Jemalloc performance on 64-bit ARM

rust-lang / rust

Empowering everyone to build reliable and efficient software.

https://www.rust-lang.org

Other

96.71k stars 12.5k forks source link

Jemalloc performance on 64-bit ARM #34476

Closed MagaTailor closed 8 years ago

MagaTailor commented 8 years ago

I've just run the binary_trees benchmark on an ARMv8, Cortex-A53 processor, having converted an Android TV box to Linux.

I'd found previously, on a much weaker (but more power efficient) armv7 Cortex A5, the results were equal.

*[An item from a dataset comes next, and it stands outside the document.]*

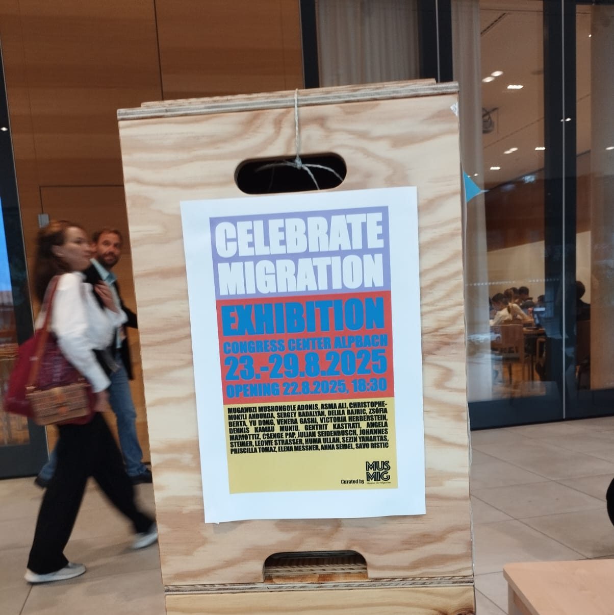 Gemeinsam mit Teilnehmenden aus Österreich und vielen anderen Regionen der Welt erörterten wir Fragen rund um die Möglichkeiten und Notwendigkeiten der Musealisierung von Migration. Die Seminarteilnehmenden konzipierten Objekte, die migrantische Erfahrungen entweder dokumentierten oder diese auf einer Metaebene präsentieren und schufen so die Ausstellung „Celebrate Migration“, die im Congress Center Alpbach vom 23.-29. August 2025 zu sehen ist. Die Ausstellung wurde von den MUSMIG-Kollektivmitgliedern Elena Messner, Savo Ristić und Anna Seidel kuratiert.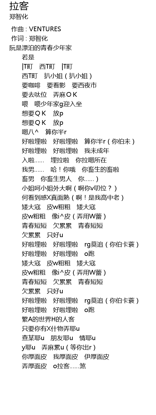 | [00:01.00] | 作词 : 郑智化 |

On the new machine (using the latest official aarch64 rustc nightly) ./binary_trees 23 produces the following results:

sysalloc 1m28s 5m10s 0m10s jemalloc 1m35s 5m10s 0m53s

which is palpably worse actually, even though Cortex-A53 is a much stronger core.

I'm beginning to think jemalloc only makes sense on Intel processors with heaps or L1/L2 cache.

More benchmark ideas welcome, though.

added retroactively: To reproduce, unpack the attachment and run:

cargo build --release && time target/release/binary_trees 23

inside the binary_trees directory. Uncomment the first 2 lines in main.rs to produce a sysalloc version.

MagaTailor commented 8 years ago

So, what happens if we run well optimized armv7 binaries on that system?

sysalloc 1m9s 3m59s 0m19s jemalloc 1m11s 3m58s 0m25s

Ouch!

EDIT: I did another comparison like this later, using armv7 binaries on aarch64, and for certain CPU bound workloads native code was 2-3 times faster. (even though, all else being equal, a 50% improvement is expected, probably 64-bit effect)

sorear commented 8 years ago

What precisely are you running, and what do the three numbers represent? All I can find is https://benchmarksgame.alioth.debian.org/u64q/program.php?test=binarytrees&lang=rust&id=1 , but the output is not similar to yours.

(Regarding the armv7 case … it's actually not unheard of for a 32-bit version of a program to be faster than the 64-bit version on 64-bit hardware. The reason is that the pointers are smaller -> data structures are smaller -> more of them fit in cache. Obviously this is highly workload-dependent.)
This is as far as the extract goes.